# Research Plan: Broad Incremental Detection (BID) for Android Malware Detection

## Problem

We address the challenge of rapidly evolving Android malware that poses significant threats to mobile device security. Current detection systems face substantial limitations when encountering new attack patterns or malware variants, as they typically require complete retraining to maintain effectiveness. Traditional rule-based detection methods struggle with poor adaptability and vulnerability to variant attacks, while deep learning approaches, despite their improved accuracy, suffer from high computational costs, extensive parameter tuning requirements, and time-consuming retraining processes when new malware emerges.

The core problem is developing a detection system that can dynamically adapt to the continuously evolving landscape of Android malware without requiring complete retraining, while maintaining high detection accuracy and computational efficiency. We hypothesize that leveraging incremental learning capabilities within a broad learning system framework can enable real-time adaptation to new malware samples while preserving computational efficiency through a lightweight network architecture.

## Method

We propose a novel Broad Incremental Detection (BID) framework that combines the efficiency of Broad Learning Systems (BLS) with incremental learning capabilities for dynamic Android malware detection. Our approach builds upon the Random Vector Functional Link Neural Network (RVFLNN) architecture, utilizing a single-layer structural neural network with feature nodes and enhancement nodes.

To address the randomness inherent in BLS feature generation, we develop a Sparse Relational Autoencoder (SRAE) that captures both data reconstruction and relational structures between samples. The SRAE minimizes a composite loss function that balances data reconstruction loss, relationship reconstruction loss, and regularization terms. This approach enables more effective feature selection and representation learning compared to traditional sparse autoencoders.
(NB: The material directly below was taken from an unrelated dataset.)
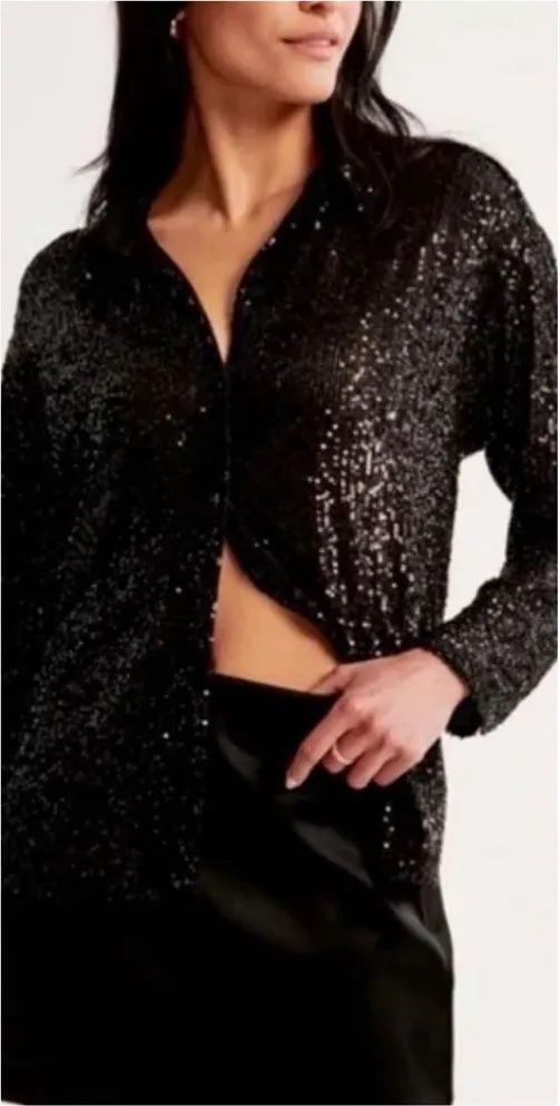Abercrombie and Fitch Sequin Button Down Top in Black. Was an online exclusive. Classic long sleeve... Show more

Our incremental learning mechanism leverages the pseudo-inverse calculation properties of BLS to enable dynamic weight updates when new malware samples arrive. Rather than retraining the entire model, we update the system by calculating the pseudo-inverse of partitioned matrices, allowing for efficient incorporation of new data while preserving previously learned knowledge.

## Experiment Design

We will evaluate our BID framework across three comprehensive datasets: TUANDROMD (containing 1,000 benign and 24,553 malware samples with 214 permissions and 27 API calls), CIC-InvesAndMal-2019 (1,187 benign and 407 malware samples with 8,115 features), and CCCS-CIC-AndMal-2020 (162,181 benign and 195,624 malware samples with 9,502 features covering 14 malware categories).

For baseline comparisons, we will implement and evaluate against established methods including SVM with RBF kernel, Naive Bayesian with polynomial model, and deep learning approaches (DeepAMD, BiGRU, and RNN-LSTM). All deep learning models will use consistent parameters (50 epochs, batch size 64) to ensure fair comparison.

We will conduct two primary experimental evaluations: First, standard performance comparison experiments using 70% training and 30% testing splits to assess accuracy, precision, recall, F1-score, and computational time across both binary and multiclass classification tasks. Second, incremental learning experiments using a 5:3:2 ratio for training, testing, and incremental datasets to simulate real-world scenarios where new malware samples become available over time.

The incremental experiments will specifically measure the system's ability to improve performance when incorporating new data without complete retraining, while also evaluating the computational efficiency gains compared to traditional retraining approaches. We will assess whether the combined time for initial training plus incremental updates is less than complete retraining time, demonstrating the practical advantages of our approach for real-time malware detection systems.